Кто поймет ее слова?
Но от звуков сердце млеет
И кружится голова…
Вот и теперь, слушая Маргариту Ивановну, я, по совести, сколько ни пытался, не мог себе вообразить ни сада, ни березовой аллеи… «А нужно ли непременно что-нибудь себе представлять, – подумал я, – когда на душе и так хорошо?»
Потом Маргарита Ивановна играла «Сентябрь» – охоту. Вот это представить себе было легко. Слушаешь и действительно будто видишь, как охотники верхом на конях отправляются на охоту с борзыми. Даже как будто охотничий рог слышится. И так все это бодро, весело. Ну, прямо кажется: сели на коней да и поскакали.
– А это «Октябрь» – осенняя песня, – сказала Маргарита Ивановна. – Эпиграфом к ней Петр Ильич взял первые строки из стихотворения А. Толстого:
Осень. Обсыпается весь наш бедный сад,
Листья пожелтелые по ветру летят.
Такие грустные картины, – сказала Маргарита Ивановна, – были понятны, близки и даже просто сродни самому Чайковскому. Петр Ильич в личной жизни был очень несчастливый человек, совсем одинокий, всегда задумчивый, с тревожной, впечатлительной душой.

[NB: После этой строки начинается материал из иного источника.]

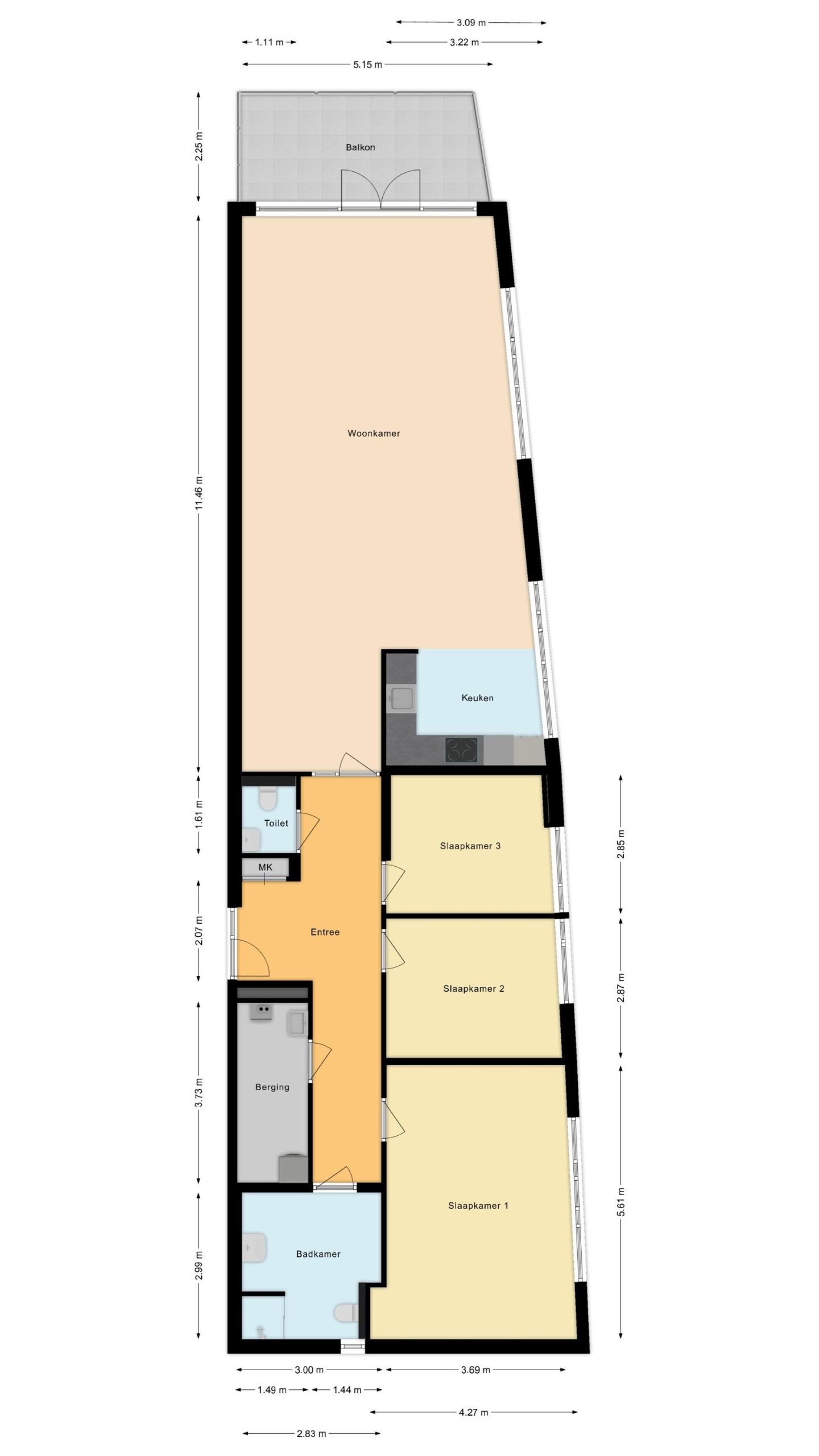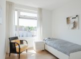 Entree/hal met toegang tot toiletruimte en berging. Drie volwaardige slaapkamers, waarvan één ideaal als werkkamer. Lichte woonkamer met grote ramen en veel daglicht. Open keukenruimte. Moderne badkamer voorzien van douche, wastafel en toilet.

Потому-то ему особенно удавалась именно такая музыка, где чувствуется раздумье над жизнью и неутешная грусть о том, что так быстро и невозвратно все проходит. – Маргарита Ивановна взглянула в ноты и еще раз прочитала:-«Осень, обсыпается весь наш бедный сад…» Вот и листья на деревьях когда-то были сочные, зеленые, полные свежих соков, а теперь они высохли, пожелтели, падают с веток на землю. Скоро зима. Грустно. Жалко ушедшего лета, как жалко прожитой жизни… Ведь и в жизни человека тоже наступает осень, когда все молодое, светлое, радостное уже позади. Слушайте, дорогие мои, Чайковский расскажет вам об этом лучше меня. – И Маргарита Ивановна тихонько заиграла.
А под конец она сыграла «Ноябрь», «Тройку». Вот тут все сразу ясно и понятно, будто сам сидишь в санках и слушаешь, как звенят, переговариваются бубенчики. А по сторонам поля, перелески… Так бы вот ехал и ехал куда глаза глядят. И мне вдруг захотелось, чтобы поскорее наступала зима.
Маргарита Ивановна кончила играть, зажгла настольную лампу со стеклянным розовым абажуром, а свечи потушила. Над свечами закурился сизый дымок, и опять в комнате празднично запахло зажженной елкой.